Amsterdam is New Year’s Eve. The host? Filmmaker David O. Russell, who knows how to throw a party and has a history of entertaining at the most elaborately opulent soirée. The guest list of this supposedly celebratory film includes the likes of Christian Bale, John David Washington, Margot Robbie, Robert De Niro, Anya Taylor Joy, Rami Malek, Taylor Swift, Michael Shannon, Chris Rock, and Zoe Saldaña, who all star in Russell’s massive movie.

As the drinks flow, the dawning realization quickly registers that this party is neither enjoyable nor worth the grossly overhyped expectation. The morning after the night before, the party critics are out in full force, brandishing it as “trash,” “exhaustingly wacky,” and “a potential work of art that ends in disappointment.” Was Amsterdam really as bad as the critics say? Did the unbearable weight of massive expectation cave in on its head?

Amsterdam is a Meandering Mystery

     20th Century Studios  

Set against the backdrop of 1930s New York and 1920s Amsterdam, the comedy-drama very loosely documents the true story of a fascist military coup gone wrong. Through the lives of three friends, Burt Berendsen (Bale), Harold Woodsman (Washington), and Valerie Voze (Robbie), who, having met during WWI, inadvertently become embroiled in a double homicide, and are subsequently implicated.
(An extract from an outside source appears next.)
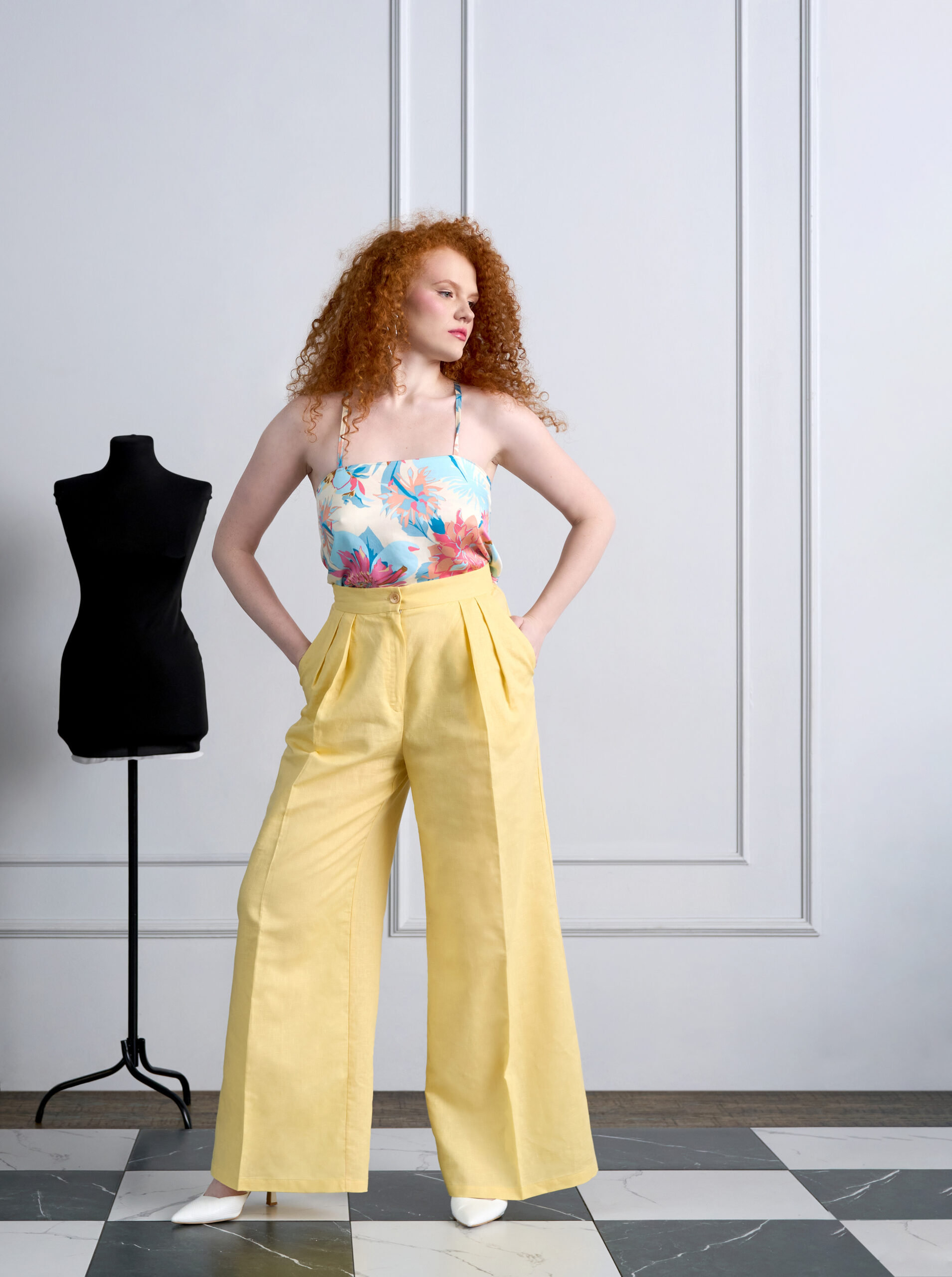 The set contains 3 formats of sewing patterns in pdf: A4 (210 x 297 mm), Letter (215,9 x 279,4 mm) and Plotter (A0 or 841 x 1189 мм), also a sewing guide and a scarf top sewing instruction.

Only to again, unintentionally, land themselves in one of the biggest conspiracies of 20th-century American politics.

Russell’s movie is a meandering, often confusing convolution that jumps back and forward in time, losing both its potency as a credible picture, and the unrefined jagged-ness of the true story it’s trying to tell in the process. We, the audience, are in an almost continuous battle to stay afloat, with some just about managing to keep their heads above the currents of the choppy narrative structure, while others can’t help but drown in the unnecessarily complex waters of the screenplay. The way Amsterdam is both written and acted, it would be a fun watch, if the way it was structured wasn’t such a tedium-inducing drag.

Amsterdam’s Cast are the Great Redeemers

For all its shortfalls, there are several redeeming features of David O. Russell’s movie, from the authenticity of both the stage-show-like set design, to the art-deco costume, and a color scheme that has this real, cold mistiness to it. Yet, the mise-en-scene aside, it’s the acting nous of esteemed pros such as Bale, Robbie, and Washington that help to resuscitate this lifeless snooze-fest. Their eccentricity relights the movie’s fire and recaptures our frequently wandering minds.
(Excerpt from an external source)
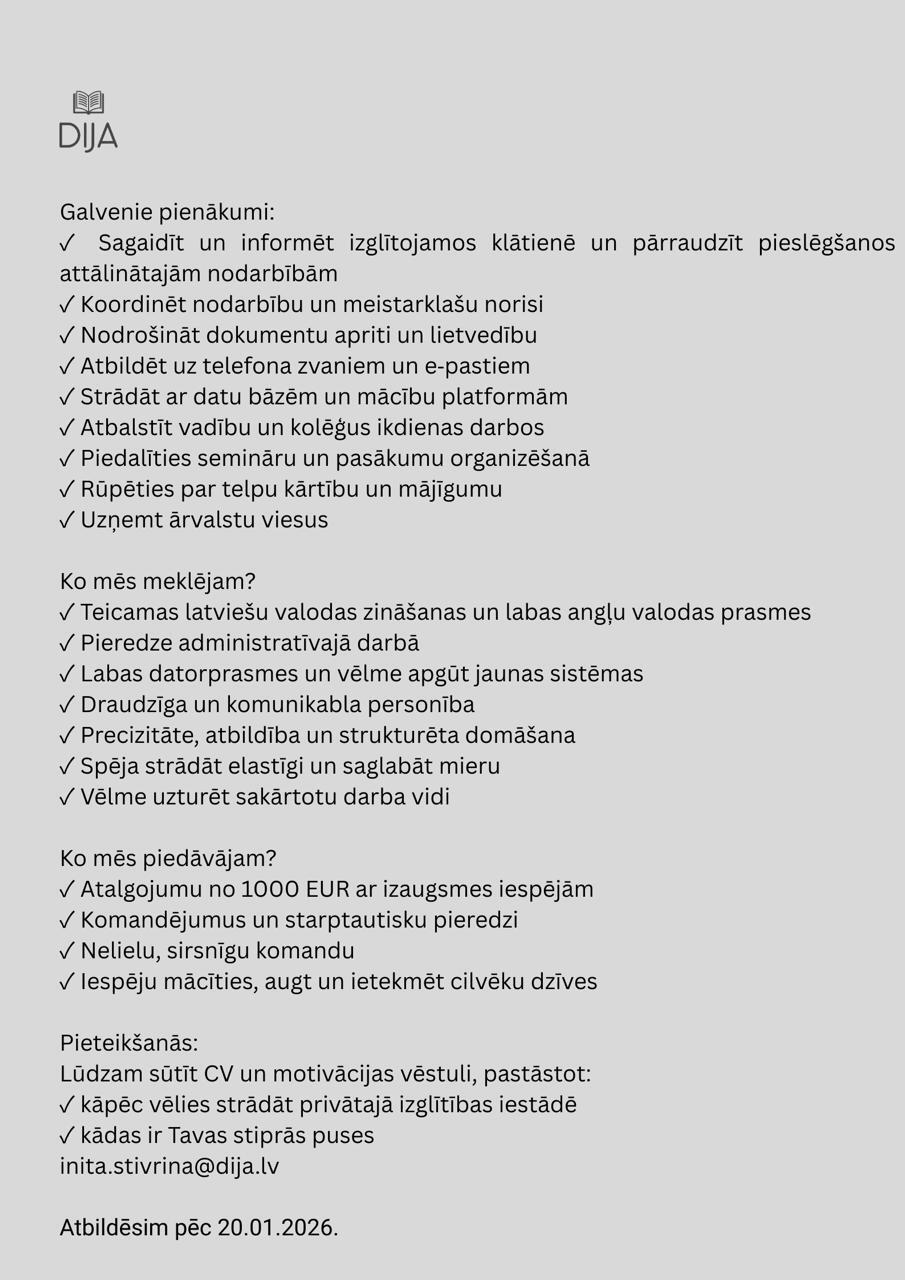 Vai Tev ir talants radīt mājīgu atmosfēru un likt cilvēkiem justies gaidītiem jau no pirmās sarunas? Vai Tev patīk vide, kur kolēģi ir plecu pie pleca, nevis anonīma lielas organizācijas sistēma? Ja atbildi ar "jā", iespējams, tieši Tu esi cilvēks, kuru meklējam savā komandā.

Christian Bale’s performance is as exuberant and life-giving as his performance as Irving Rosenfeld in 2013’s American Hustle, with his glass eye, disfigured skin, and partiality to some tickling humor. Washington is the most straight-laced out of the three, and certainly brings with him this degree of assurance and likability that makes his display the best among his colleagues. Robbie transforms into a brunette nurse, and like Bale, gives the role of the whimsical Valerie her best shot.

The Reviews Are Right

There is an embarrassment of riches in Amsterdam, with names vacuum-packed in, from great actors to amazing costume and set designers The fact that this is a film studded with stars, you are regularly left scratching your head with frustration at the level of talent left in the wings, that their appearances seem to be reduced to mere cameos in a film which doesn’t deserve its great visual aesthetic. It feels like a monumental waste, especially with the likes of Michael Shannon, Robert De Niro, Anya Taylor Joy, and Rami Malek who have so much to offer a movie lacking in narrative star quality.

Overall, Amsterdam has an overinflated view of self. While the movie brings the fascinating story of the Business Plot of 1933 to the silver screen, it tangles itself up in knots and then trips over its own laces, failing to even tell the story truthfully. It possesses this swagger, and self-indulgence, that the screenplay simply doesn’t warrant. The film is proof that even the most dexterous of acting talents are unable to turn the tide of a relentless stream that rather than cascade beautifully, meanders dully. Sometimes, the reviews are right.